Begin your copy at the line with "C+P Schließfachschränke Classic" in the records below and end it at the line with "Im Jahr 2018", restating each line word for word; omit the pictures.

--- DATA FOR THIS EXERCISE ---
»»
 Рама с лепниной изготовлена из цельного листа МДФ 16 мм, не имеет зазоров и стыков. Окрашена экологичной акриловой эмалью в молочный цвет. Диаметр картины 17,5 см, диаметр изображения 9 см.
««
»»
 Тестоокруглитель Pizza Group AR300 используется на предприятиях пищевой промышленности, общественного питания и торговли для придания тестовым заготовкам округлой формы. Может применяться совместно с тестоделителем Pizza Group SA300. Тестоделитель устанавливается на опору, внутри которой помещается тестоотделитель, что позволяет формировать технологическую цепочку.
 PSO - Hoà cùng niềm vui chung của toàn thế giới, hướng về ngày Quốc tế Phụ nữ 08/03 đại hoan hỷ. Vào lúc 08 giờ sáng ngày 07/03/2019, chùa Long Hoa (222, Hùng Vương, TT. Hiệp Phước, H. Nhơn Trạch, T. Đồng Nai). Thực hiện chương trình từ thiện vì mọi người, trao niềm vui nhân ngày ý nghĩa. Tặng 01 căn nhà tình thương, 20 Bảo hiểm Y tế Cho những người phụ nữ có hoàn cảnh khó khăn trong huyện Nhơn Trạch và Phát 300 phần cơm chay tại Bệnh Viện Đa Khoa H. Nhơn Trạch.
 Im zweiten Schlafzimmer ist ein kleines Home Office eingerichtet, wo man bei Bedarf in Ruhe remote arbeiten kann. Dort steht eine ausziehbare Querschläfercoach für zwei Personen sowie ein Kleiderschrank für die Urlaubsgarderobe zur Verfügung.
««
»»
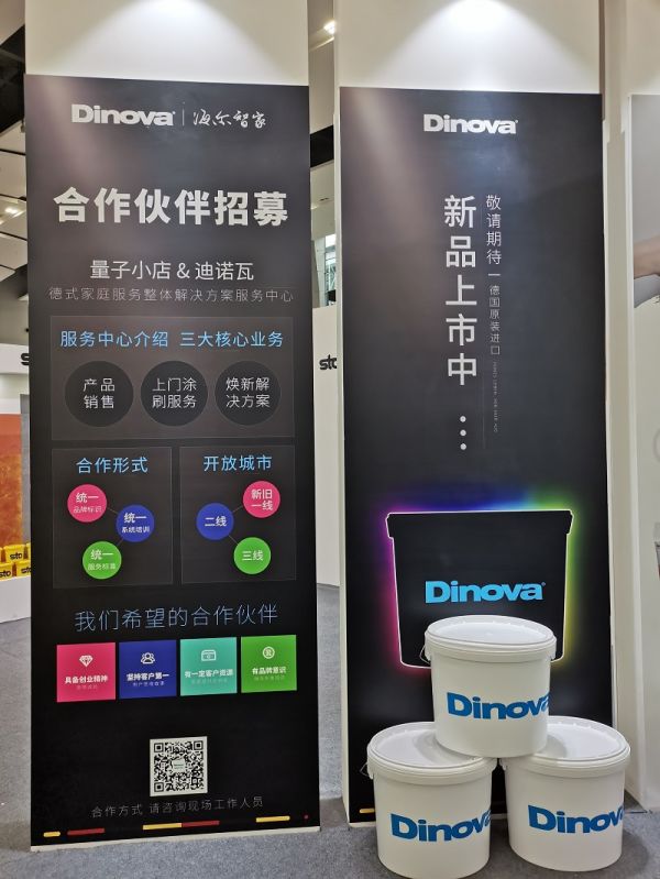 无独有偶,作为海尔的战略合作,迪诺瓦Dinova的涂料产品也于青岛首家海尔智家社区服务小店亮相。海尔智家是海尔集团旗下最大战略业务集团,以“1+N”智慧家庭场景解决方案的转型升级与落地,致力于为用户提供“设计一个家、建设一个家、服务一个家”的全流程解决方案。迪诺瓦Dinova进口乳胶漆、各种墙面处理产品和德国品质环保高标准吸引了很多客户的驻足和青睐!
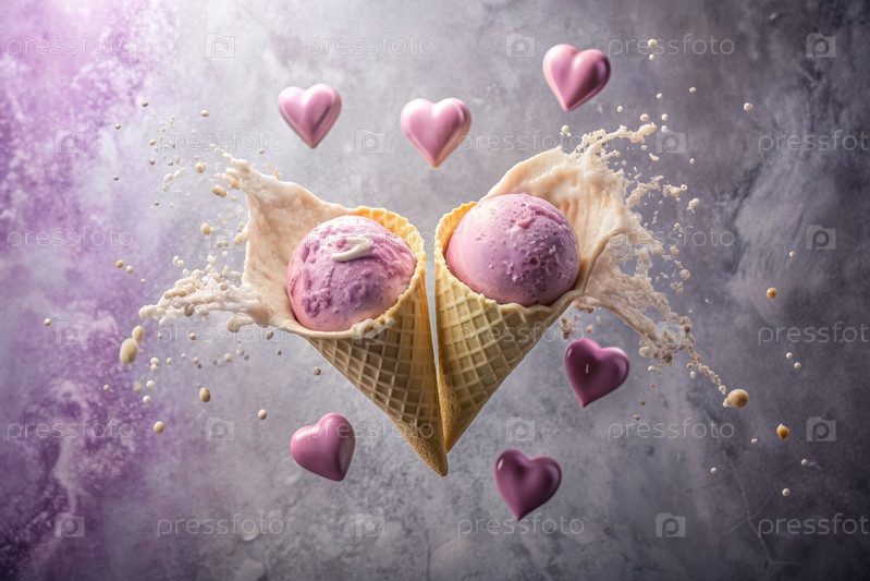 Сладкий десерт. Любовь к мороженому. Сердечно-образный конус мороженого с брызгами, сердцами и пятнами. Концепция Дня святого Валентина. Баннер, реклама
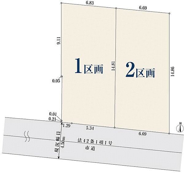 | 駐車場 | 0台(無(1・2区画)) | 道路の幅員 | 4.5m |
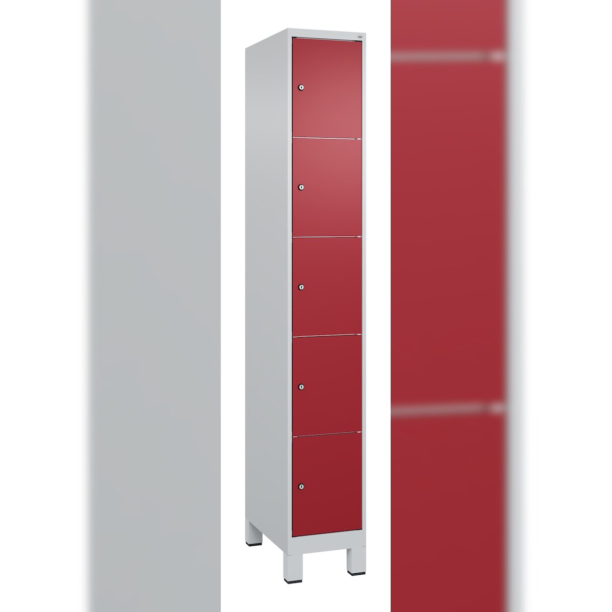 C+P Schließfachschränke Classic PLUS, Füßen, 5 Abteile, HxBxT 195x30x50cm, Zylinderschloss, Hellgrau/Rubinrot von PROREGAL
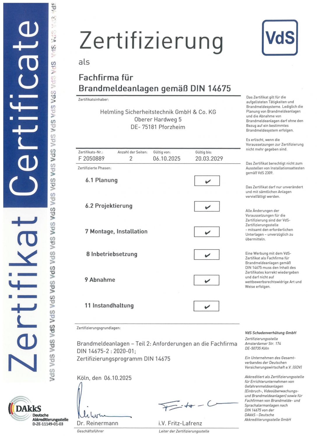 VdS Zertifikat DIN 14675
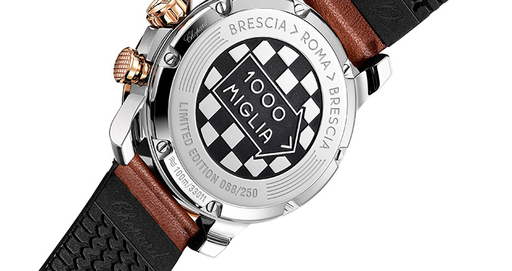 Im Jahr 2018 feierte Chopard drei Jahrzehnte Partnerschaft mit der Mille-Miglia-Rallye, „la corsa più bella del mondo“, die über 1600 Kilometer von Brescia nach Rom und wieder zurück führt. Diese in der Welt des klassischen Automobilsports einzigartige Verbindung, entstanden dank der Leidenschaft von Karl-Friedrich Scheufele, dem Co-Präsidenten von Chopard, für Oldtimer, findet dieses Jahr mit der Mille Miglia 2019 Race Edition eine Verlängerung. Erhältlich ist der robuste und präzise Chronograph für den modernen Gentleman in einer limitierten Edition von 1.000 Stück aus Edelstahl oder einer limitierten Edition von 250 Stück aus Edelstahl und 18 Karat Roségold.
««
--- SOLUTION ---
 C+P Schließfachschränke Classic PLUS, Füßen, 5 Abteile, HxBxT 195x30x50cm, Zylinderschloss, Hellgrau/Rubinrot von PROREGAL
 VdS Zertifikat DIN 14675
 Im Jahr 2018 feierte Chopard drei Jahrzehnte Partnerschaft mit der Mille-Miglia-Rallye, „la corsa più bella del mondo“, die über 1600 Kilometer von Brescia nach Rom und wieder zurück führt. Diese in der Welt des klassischen Automobilsports einzigartige Verbindung, entstanden dank der Leidenschaft von Karl-Friedrich Scheufele, dem Co-Präsidenten von Chopard, für Oldtimer, findet dieses Jahr mit der Mille Miglia 2019 Race Edition eine Verlängerung. Erhältlich ist der robuste und präzise Chronograph für den modernen Gentleman in einer limitierten Edition von 1.000 Stück aus Edelstahl oder einer limitierten Edition von 250 Stück aus Edelstahl und 18 Karat Roségold.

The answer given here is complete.